**** SOURCE DATA ****
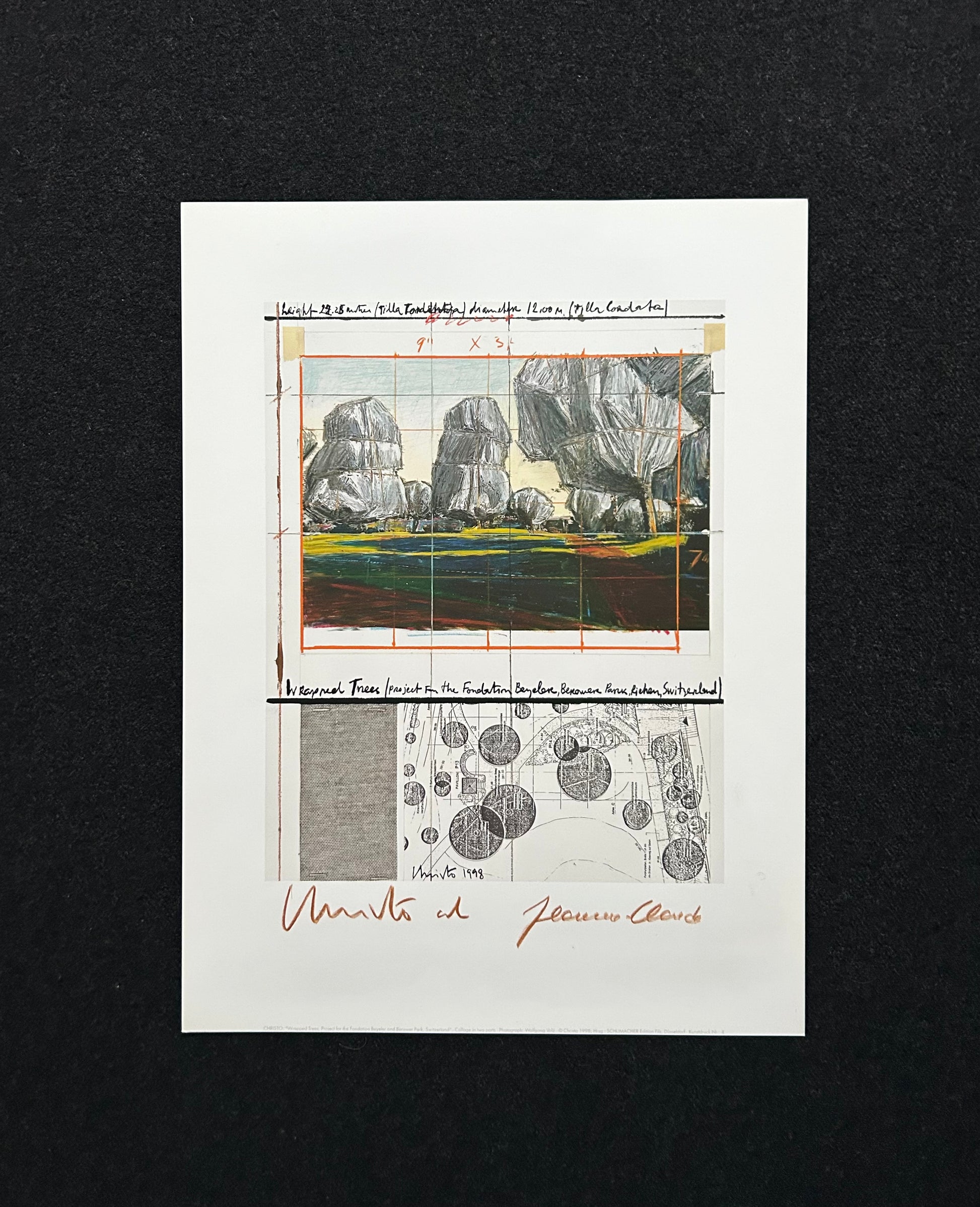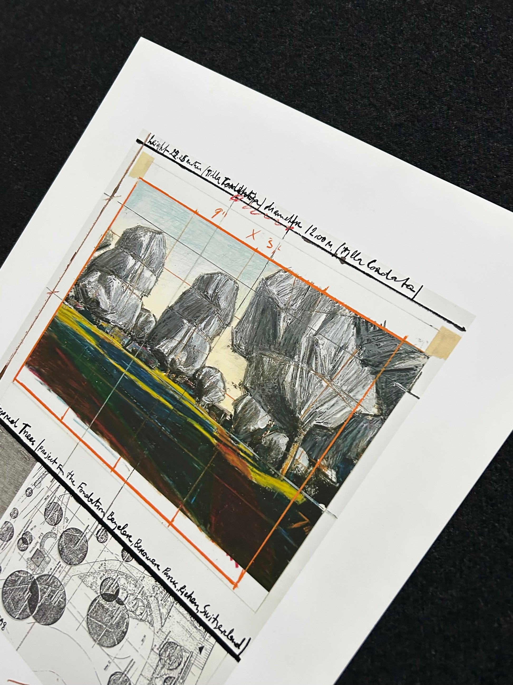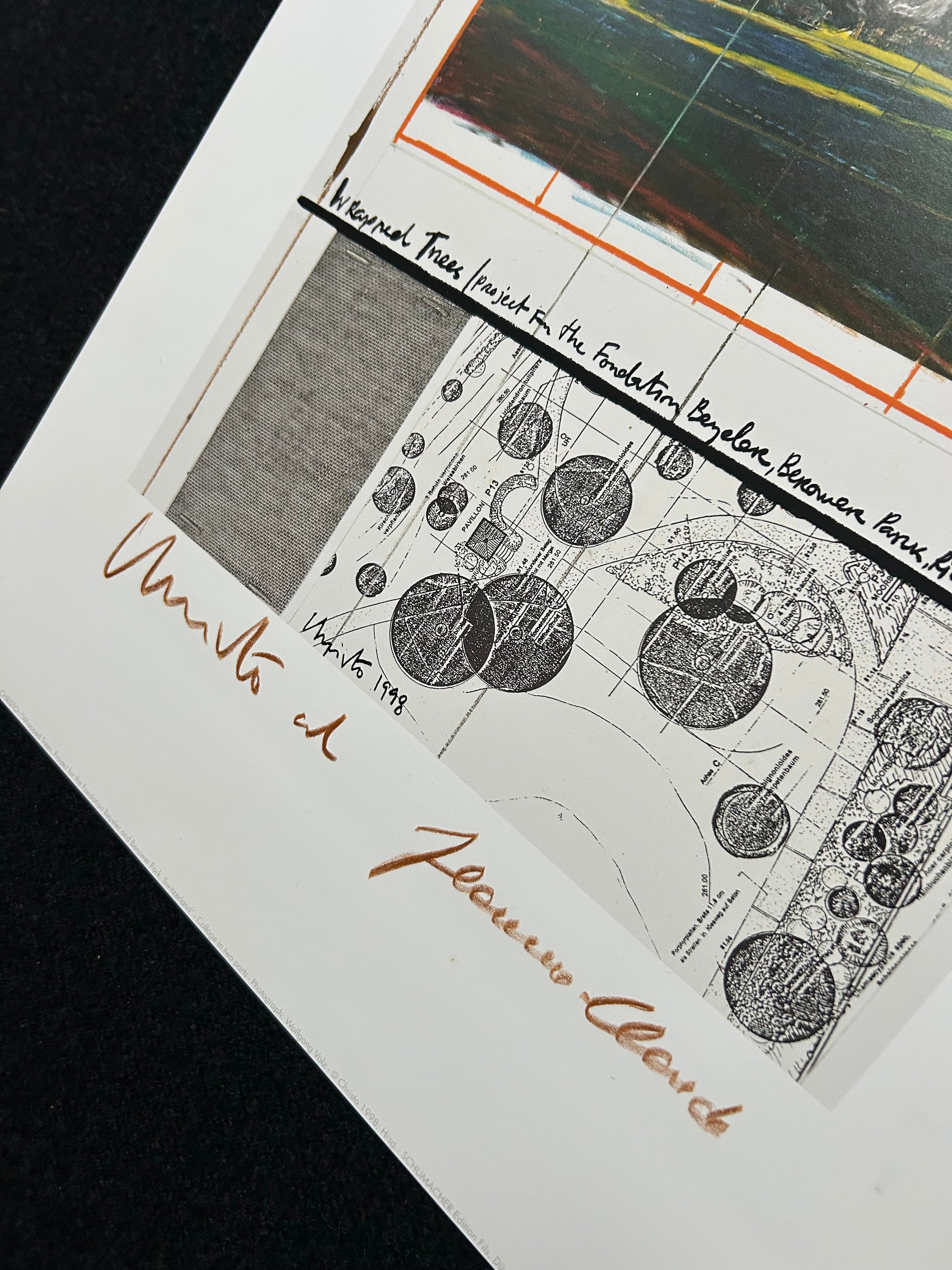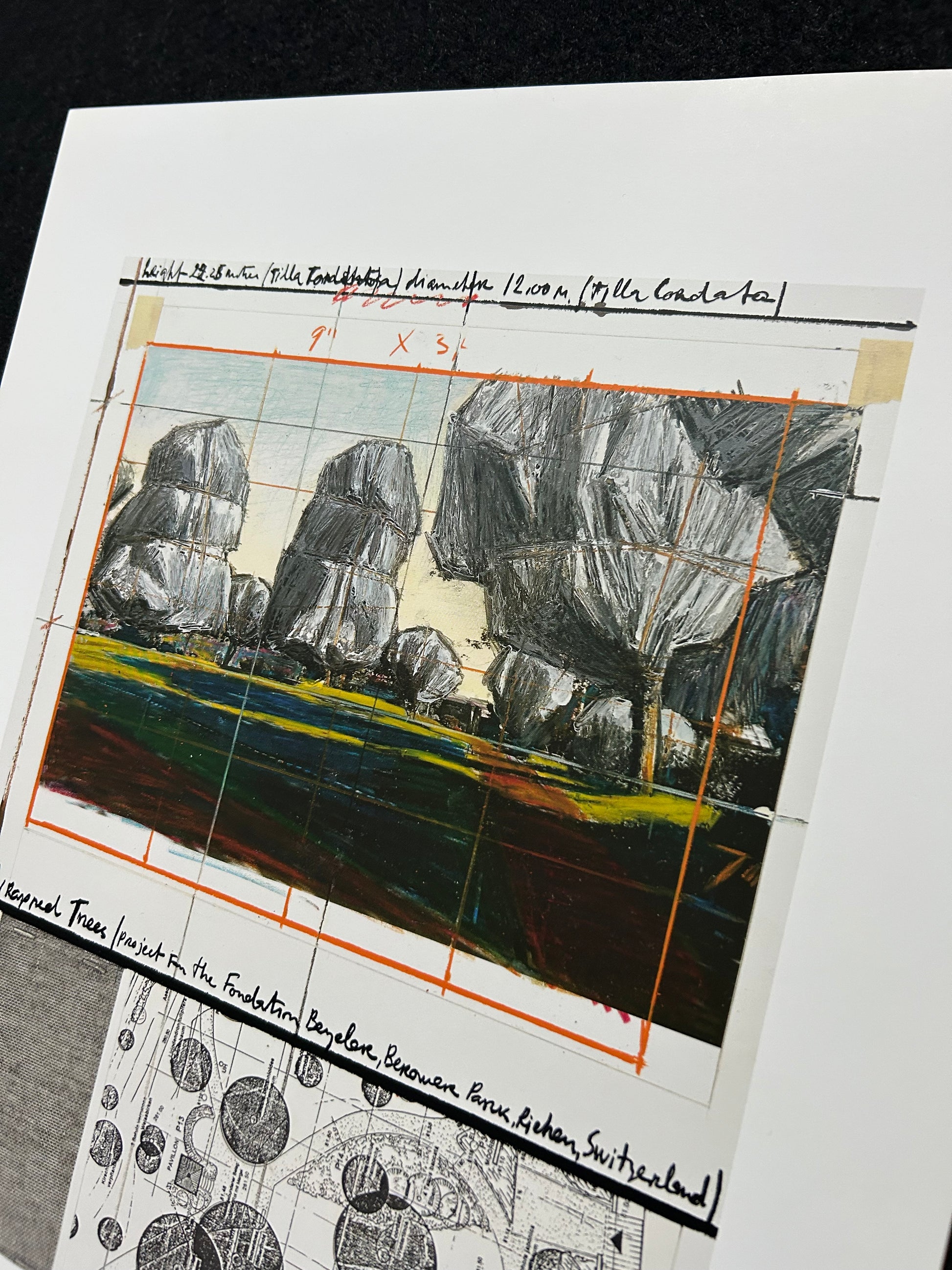 Christo (1935-2020) - „Wrapped Tress, Project for the Fondation Beyeler and Berower Park, Switzerland" - Collage in zwei Teilen (handsigniert)
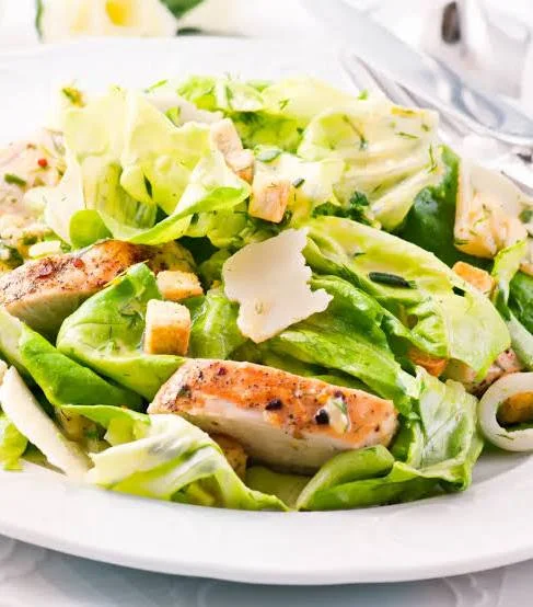 Iceberg, Poulet, œuf, tomate, oignons rouges, sauce César, croûton.
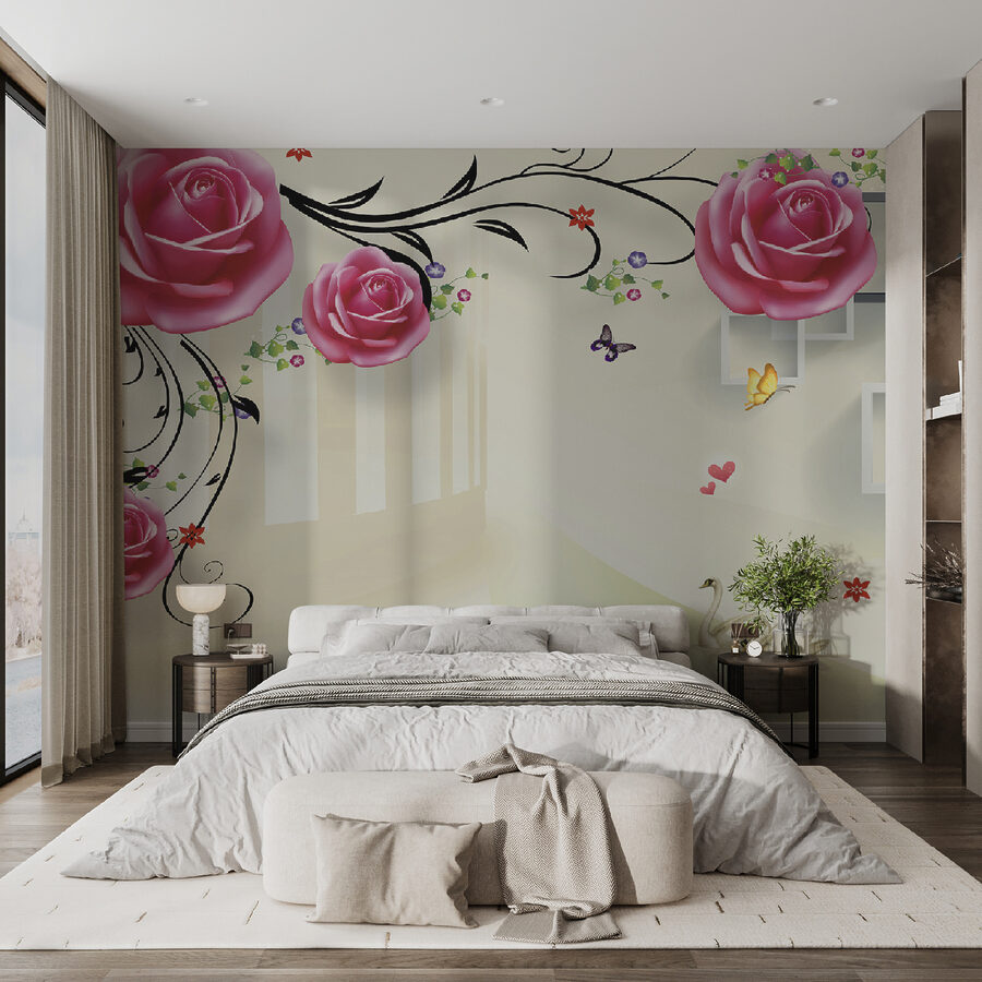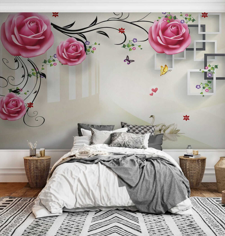 Představte si, že se každý den probouzíte s touto fascinující freskou – je to jako vstoupit do snové zahrady! Labutě ladně klouzající pod rozkvetlými růžovými růžemi, kolem kterých poletují motýli, dodají vašemu prostoru nádech klidného kouzla. Ideální pro každého, kdo chce do interiéru vnést kousek přírody s nádechem elegance. A ty růže – vypadají, jako byste se jich mohli dotknout!
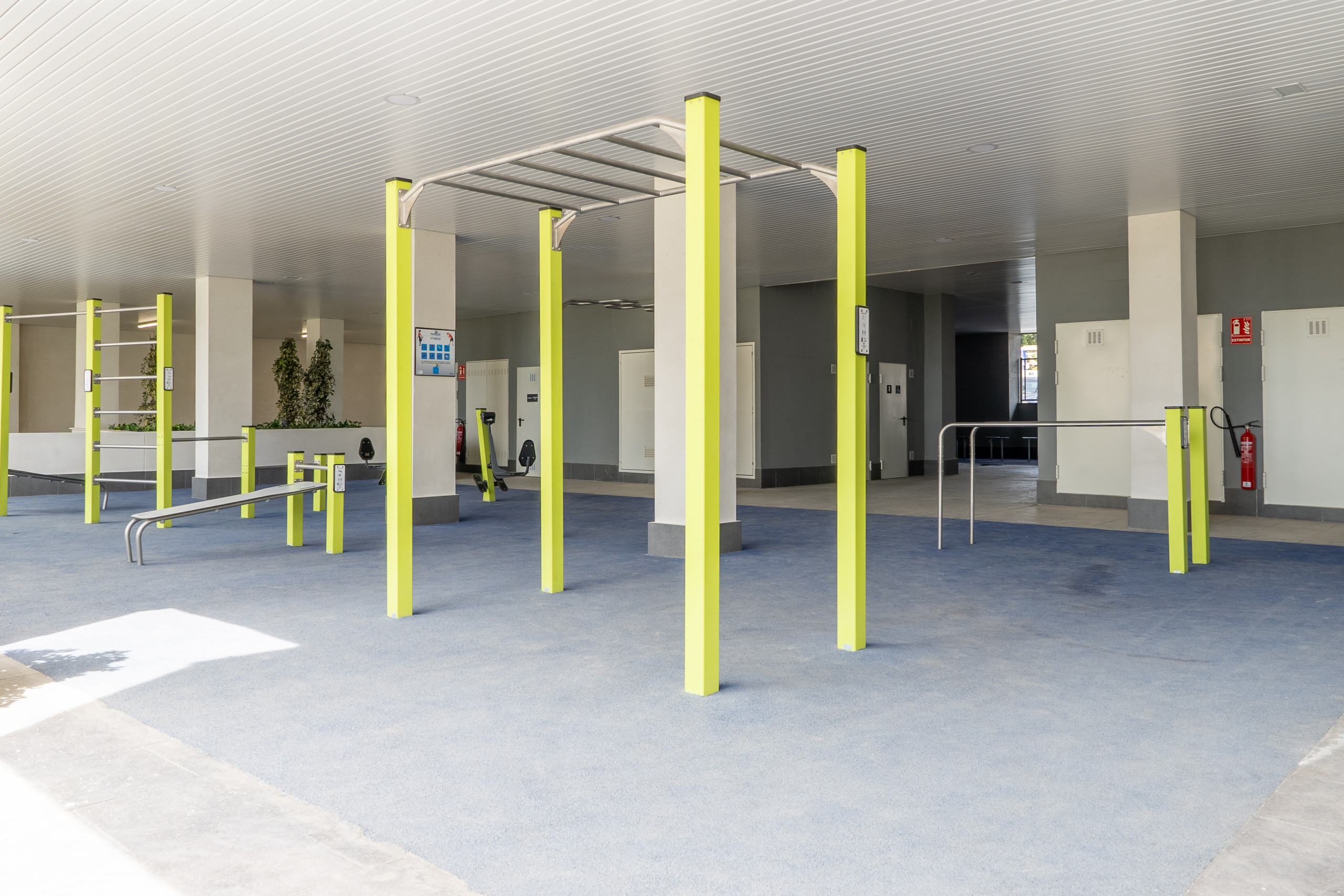 Stor fælles swimmingpool og børnepool. Udendørs træningsudstyr og et mindre legeområde til børn.
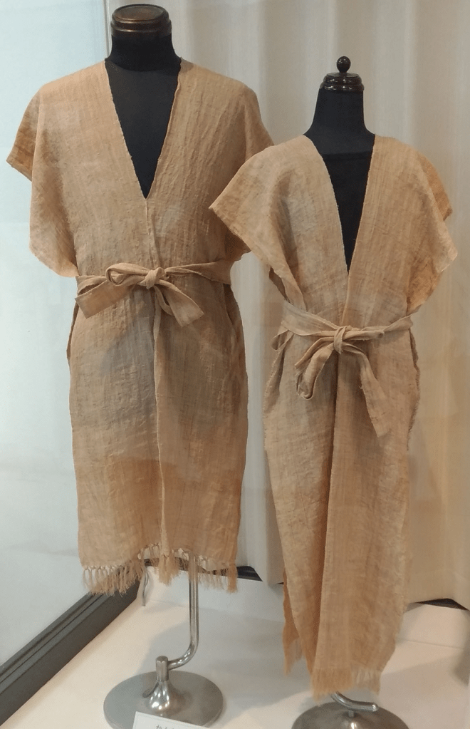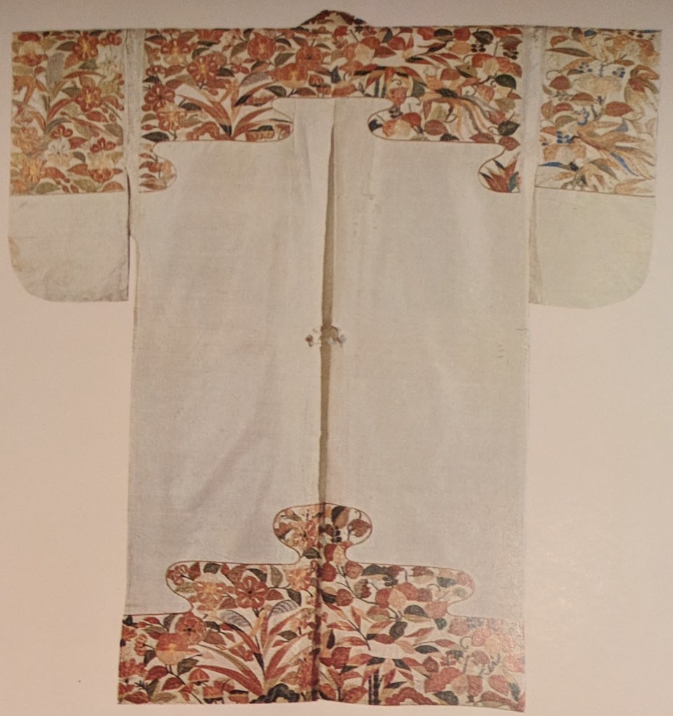 The kantoi is a simple Yayoi period garment which consists of just two long strips of fabric sewn together (there is no shoulder seam). The majority of later garments are variations on this basic theme.
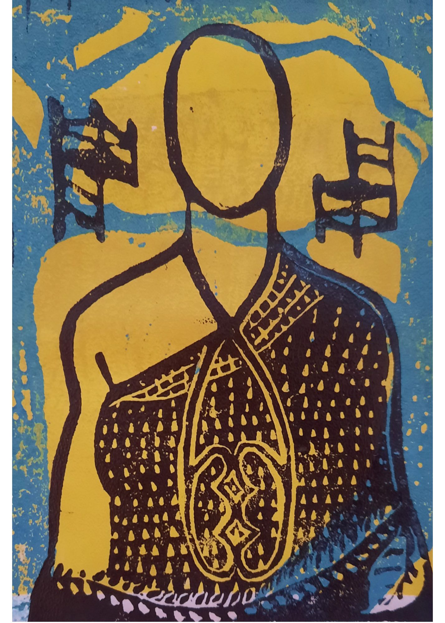 This linocut print is made up of 5 layers that I pull by hand. Each layer is a block that I carved and inked in contrasting colors, from soft hues in the background to thick richer tones in the foreground. The first layer is a field of golden light inside of which makes room for the second layer; the eye of Life (aka the third eye or pineal gland) with budding potentiality above ready to download into reality. The third layer represents the fully grown vegetation (we can also view this symbolically as the nourishment we grow from careful tending to ourselves) The fourth layer is a portal into the garden represented by two leaves overhead and the fifth layer is the being in full connection, mirroring a vibrant planet.
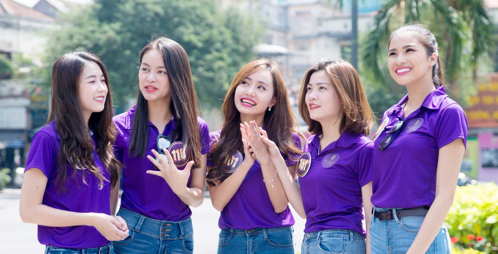 Trong trang phục quần jean và áo thun tím nổi bật của chương trình, 19 thí sinh vào chung kết Hoa khôi Du lịch Việt Nam đã thu hút sự chú ý của đông đảo người dân và khách du lịch trên tất cả tuyến phố mà các cô gái đi qua.
****
[WHAT TO DO]
Your task is to repeat the entries above exactly, omitting the pictures.

[TASK RESULT]
 Christo (1935-2020) - „Wrapped Tress, Project for the Fondation Beyeler and Berower Park, Switzerland" - Collage in zwei Teilen (handsigniert)
 Iceberg, Poulet, œuf, tomate, oignons rouges, sauce César, croûton.
 Představte si, že se každý den probouzíte s touto fascinující freskou – je to jako vstoupit do snové zahrady! Labutě ladně klouzající pod rozkvetlými růžovými růžemi, kolem kterých poletují motýli, dodají vašemu prostoru nádech klidného kouzla. Ideální pro každého, kdo chce do interiéru vnést kousek přírody s nádechem elegance. A ty růže – vypadají, jako byste se jich mohli dotknout!
 Stor fælles swimmingpool og børnepool. Udendørs træningsudstyr og et mindre legeområde til børn.
 The kantoi is a simple Yayoi period garment which consists of just two long strips of fabric sewn together (there is no shoulder seam). The majority of later garments are variations on this basic theme.
 This linocut print is made up of 5 layers that I pull by hand. Each layer is a block that I carved and inked in contrasting colors, from soft hues in the background to thick richer tones in the foreground. The first layer is a field of golden light inside of which makes room for the second layer; the eye of Life (aka the third eye or pineal gland) with budding potentiality above ready to download into reality. The third layer represents the fully grown vegetation (we can also view this symbolically as the nourishment we grow from careful tending to ourselves) The fourth layer is a portal into the garden represented by two leaves overhead and the fifth layer is the being in full connection, mirroring a vibrant planet.
 Trong trang phục quần jean và áo thun tím nổi bật của chương trình, 19 thí sinh vào chung kết Hoa khôi Du lịch Việt Nam đã thu hút sự chú ý của đông đảo người dân và khách du lịch trên tất cả tuyến phố mà các cô gái đi qua.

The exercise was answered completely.